Élection à la FEC : Kimona Bononge dénonce l’immixtion de conseillers de Fatshi dans l’affaire, mais…

Dans une lettre de quatre pages adressée au chef de l’État, Félix Tshisekedi, lundi 23 novembre 2002, l’Administrateur Délégué de la Fédération des Entreprises du Congo (FEC), dénonce la pression subie par lui, de quelques conseillers de la Présidence de la république, au fin d’arracher la mise à l’écart de la candidature pour la présidence de cette institution, d’Albert Yuma Mulimbi qui compte se représenter pour un troisième mandat.

Sans citer de noms, l’actuel Administrateur Délégué de la FEC explique qu’il craint pour son intégrité physique et s’en remet au chef de l’État, pour garantir à cette corporation une tenue dans la quiétude des élections devant se dérouler ce jeudi 26 novembre.

« …je suis l’objet, depuis quelques jours, d’intimidations au téléphone ou des invitations de certains de vos Conseillers et même des Services Spéciaux et je dois vous avouer, Excellence Monsieur le Président de la République, que je suis inquiet pour mon intégrité physique. Ceci est tout simplement inacceptable », écrit le jeune frère à José Endundo.

Bien que l’AD de la FEC a rappelé aux uns et aux autres que le chef de l’État a démontré dans sa vie d’homme d’État, que quand il a quelque chose à dire, il le dit lui-même ou en passant par des canaux que seul lui-même maîtrise, il dénonce tout de même la violation des statuts et du règlement intérieur de la fédération qui définissent le cadre et la procédure électorale par ces donneurs d’ordre.

‘’Ya Joe Kilo Bravo’’ rappelle que la FEC est une ASBL régie par les prescrits de la Loi n°004/2001 du 20 juillet 2001 portant dispositions générales applicables aux ASBL et aux établissements d’utilité publique et la Loi n° 015/2002 du 16 octobre 2002 portant code du travail. A ce titre, elle assume à la fois les fonctions de chambre de commerce, d’industrie, d’agriculture, d’artisanat et est un syndicat Patronal. Elle est apolitique et ne bénéficie d’aucun subside de l’État vivant exclusivement des contributions des ses membres.

« …l’implication des membres de votre cabinet dans l’orientation du choix du futur Président ne ferait que fragiliser la FEC qui joue un rôle primordial dans l’animation d’un secteur privé dynamique, créateur d’emplois et des richesses. »

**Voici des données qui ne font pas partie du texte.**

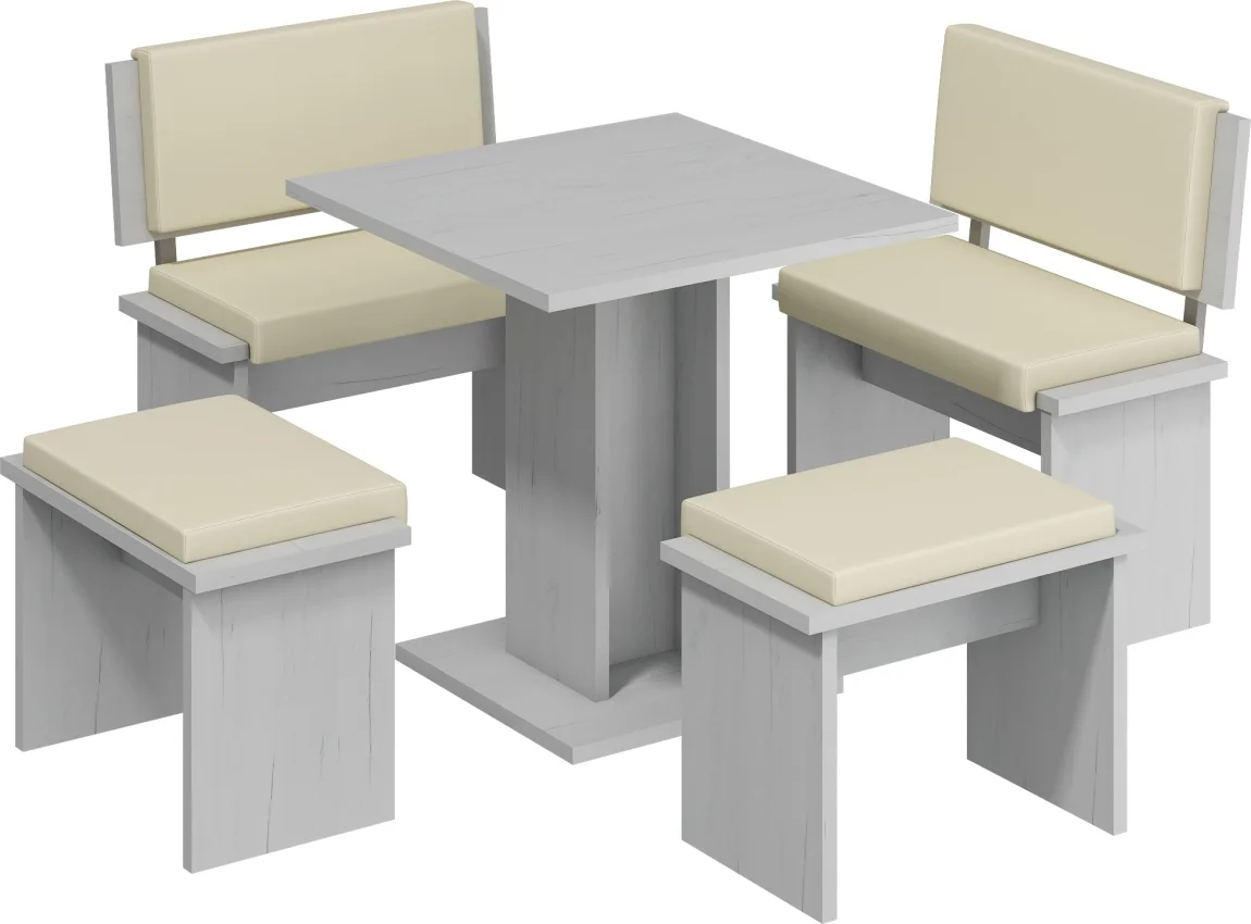 Jídelní set GURLAN je ideální volba pro malé jídelní kouty, kde kombinuje svěží vzhled craft bílé s béžovou ekokůží. Sada obsahuje dvě lavice, malý stůl a dva taburety, které dohromady vytvoří praktický jídelní nábytek pro děti i rodiče.

Apolitique de part sa nature et son organisation, mais la FEC reste une institution qui flirtera toujours avec la politique au regard de son influence dans la vie socio-économique de la RDC. L’influence politique que jouit son actuel président Albert Yuma serait peut-être à la base de cette guéguerre. Car personae non gratta en occident à cause de son rapprochement avec Joseph Kabila, Yuma traînerait à tort ou à raison, la réputation de quelqu’un qui se serait enrichi illicitement en faisant main basse sur quelques carrés miniers de la Gécamines. En proie avec la justice pour plusieurs dossiers allant du détournement au dol, le président du Conseil d’Administration de la Gécamines ferait la quasi-unanimité dans le choix de ses pères, mais loin d’être l’avis de Tshisekedistes pures et durs.

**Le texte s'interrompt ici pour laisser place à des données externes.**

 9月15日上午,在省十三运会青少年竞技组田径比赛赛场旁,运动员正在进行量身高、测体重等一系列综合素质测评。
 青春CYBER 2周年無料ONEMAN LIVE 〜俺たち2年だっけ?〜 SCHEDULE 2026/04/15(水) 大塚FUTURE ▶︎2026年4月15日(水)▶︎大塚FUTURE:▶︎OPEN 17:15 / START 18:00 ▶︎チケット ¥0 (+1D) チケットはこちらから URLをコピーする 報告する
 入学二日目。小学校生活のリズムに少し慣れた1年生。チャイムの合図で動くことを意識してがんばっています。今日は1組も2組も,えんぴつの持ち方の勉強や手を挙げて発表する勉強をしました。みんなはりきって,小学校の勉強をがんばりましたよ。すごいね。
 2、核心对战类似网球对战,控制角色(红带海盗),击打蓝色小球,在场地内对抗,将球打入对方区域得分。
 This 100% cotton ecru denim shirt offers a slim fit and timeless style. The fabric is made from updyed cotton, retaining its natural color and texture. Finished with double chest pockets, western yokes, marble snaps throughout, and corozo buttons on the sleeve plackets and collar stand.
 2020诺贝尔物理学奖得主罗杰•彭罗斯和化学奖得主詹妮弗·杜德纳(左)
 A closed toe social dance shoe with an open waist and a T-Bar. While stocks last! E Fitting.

Tel que révélé dans la lettre de ‘’K.B’’ à Fatshi, les anti Yuma veulent voir Dieudonné Kasembo, Patron de Gécotrans prendre le règne de cette organisation patronale. Mais face aux millions d’Albert Yuma, ce rêve est loin de se réaliser, car dit-on, ce dernier a corrompu tous les administrateurs, y compris K.B à qui il aurait offert une Prado de 90.000USD.